### Exercise brief
Every entry gets copied exactly. No images go into the copy.

(Records from a collection)
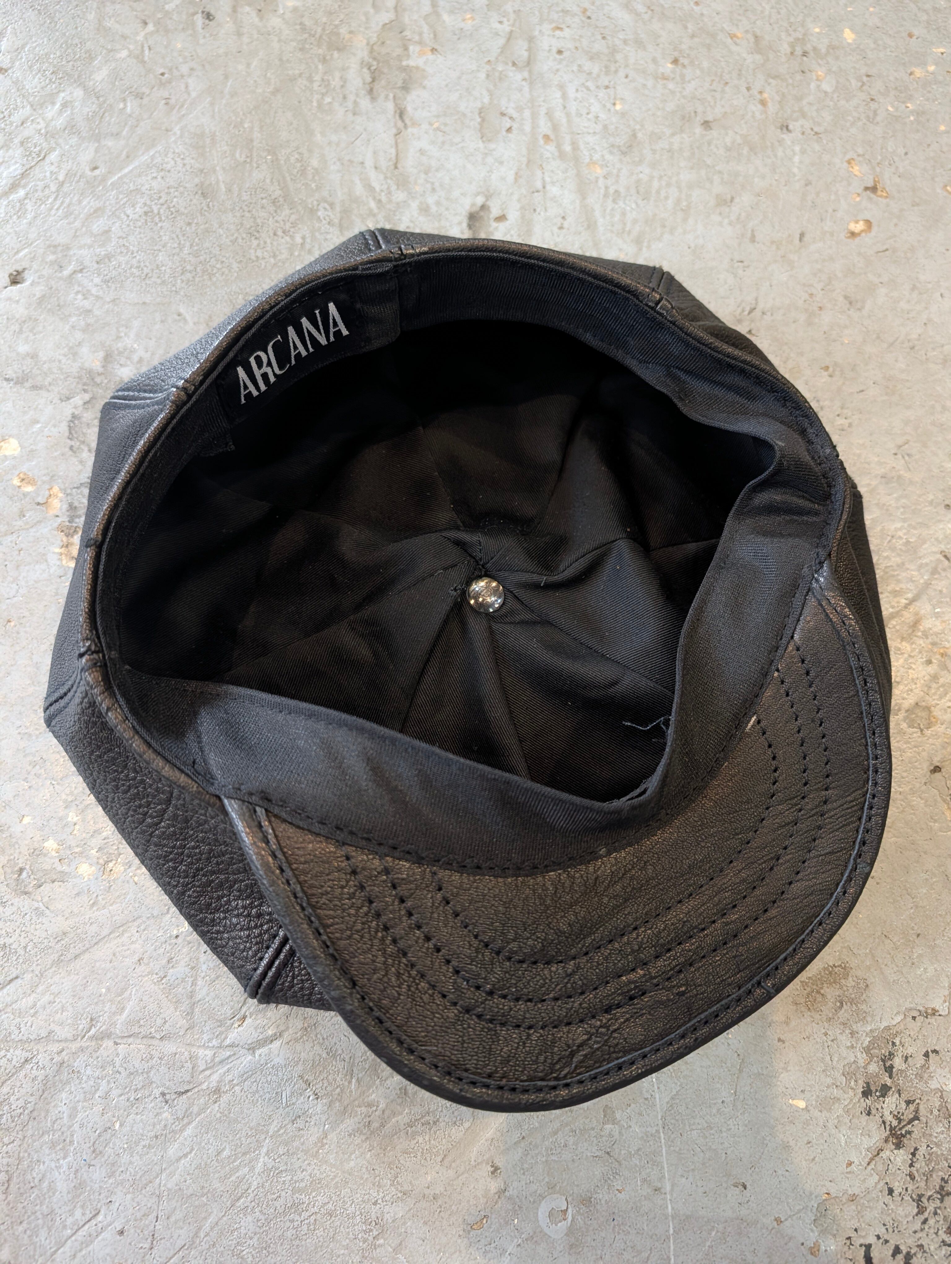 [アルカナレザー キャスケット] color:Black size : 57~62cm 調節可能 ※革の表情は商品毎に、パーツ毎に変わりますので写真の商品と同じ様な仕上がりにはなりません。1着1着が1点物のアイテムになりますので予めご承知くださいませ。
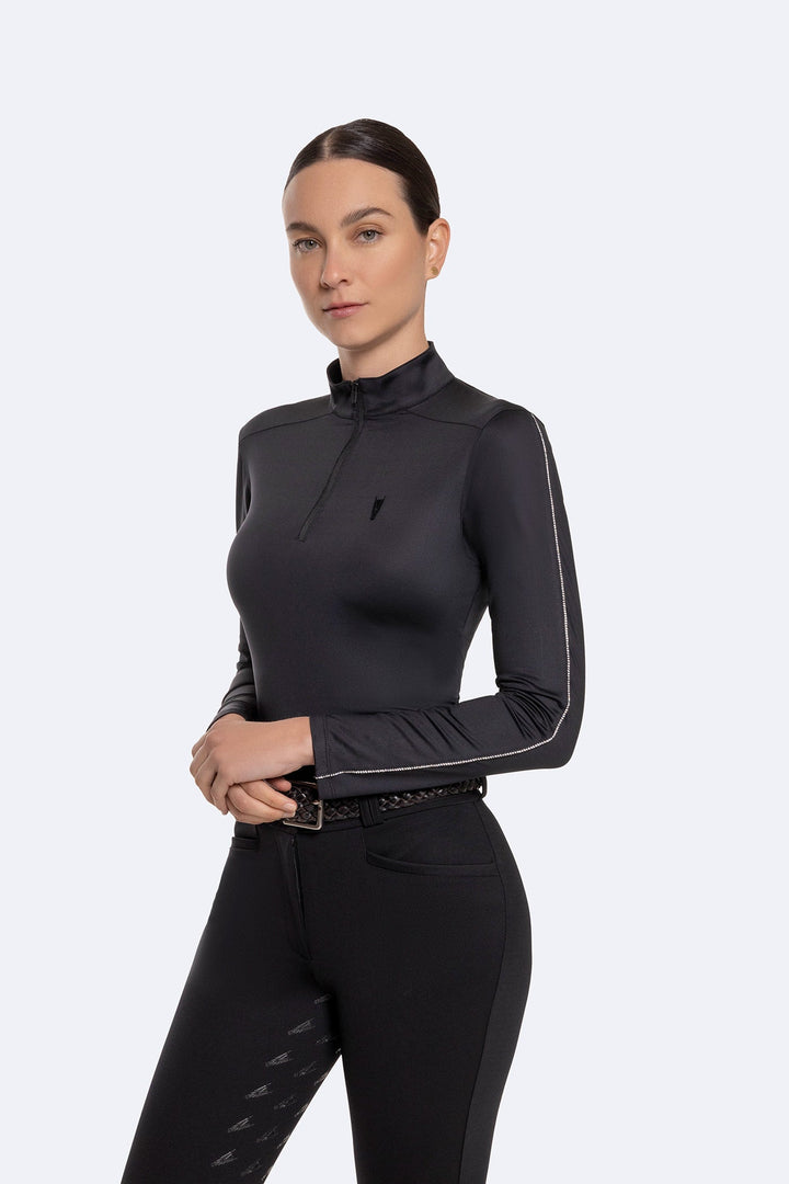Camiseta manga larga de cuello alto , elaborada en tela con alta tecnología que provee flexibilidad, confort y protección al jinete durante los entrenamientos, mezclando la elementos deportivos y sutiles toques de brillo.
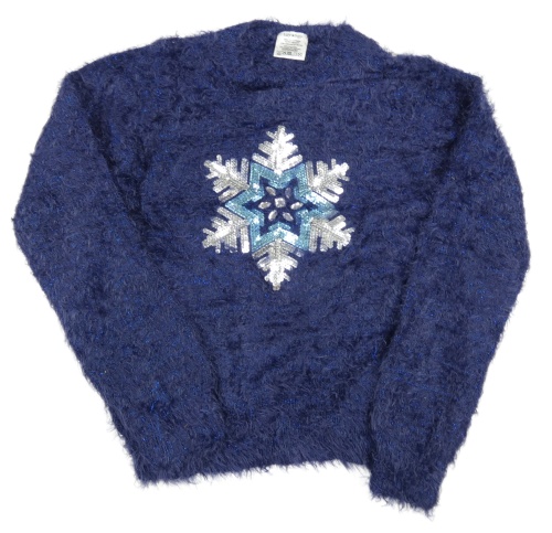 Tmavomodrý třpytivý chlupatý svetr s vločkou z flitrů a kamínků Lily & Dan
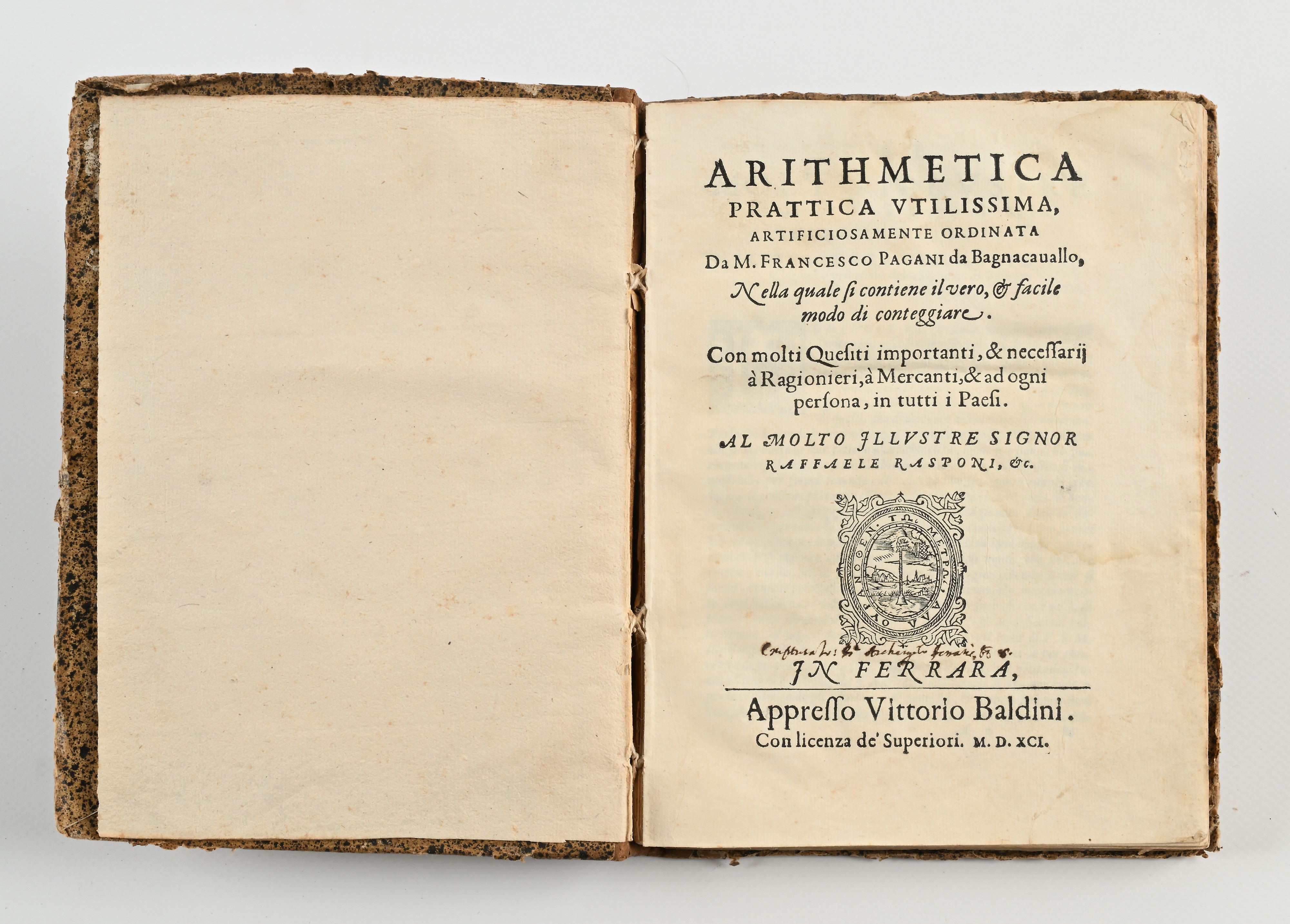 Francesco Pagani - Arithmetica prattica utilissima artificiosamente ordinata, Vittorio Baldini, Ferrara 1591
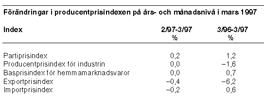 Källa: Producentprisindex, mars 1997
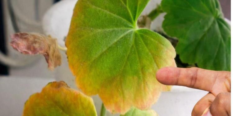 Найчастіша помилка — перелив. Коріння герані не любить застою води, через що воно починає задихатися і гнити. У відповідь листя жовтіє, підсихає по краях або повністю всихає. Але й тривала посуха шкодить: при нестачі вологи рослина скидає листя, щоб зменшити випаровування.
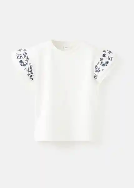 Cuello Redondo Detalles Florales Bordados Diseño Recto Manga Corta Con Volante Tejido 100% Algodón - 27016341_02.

### Response to this task
 [アルカナレザー キャスケット] color:Black size : 57~62cm 調節可能 ※革の表情は商品毎に、パーツ毎に変わりますので写真の商品と同じ様な仕上がりにはなりません。1着1着が1点物のアイテムになりますので予めご承知くださいませ。
Camiseta manga larga de cuello alto , elaborada en tela con alta tecnología que provee flexibilidad, confort y protección al jinete durante los entrenamientos, mezclando la elementos deportivos y sutiles toques de brillo.
 Tmavomodrý třpytivý chlupatý svetr s vločkou z flitrů a kamínků Lily & Dan
 Francesco Pagani - Arithmetica prattica utilissima artificiosamente ordinata, Vittorio Baldini, Ferrara 1591
 Källa: Producentprisindex, mars 1997
 Найчастіша помилка — перелив. Коріння герані не любить застою води, через що воно починає задихатися і гнити. У відповідь листя жовтіє, підсихає по краях або повністю всихає. Але й тривала посуха шкодить: при нестачі вологи рослина скидає листя, щоб зменшити випаровування.
 Cuello Redondo Detalles Florales Bordados Diseño Recto Manga Corta Con Volante Tejido 100% Algodón - 27016341_02.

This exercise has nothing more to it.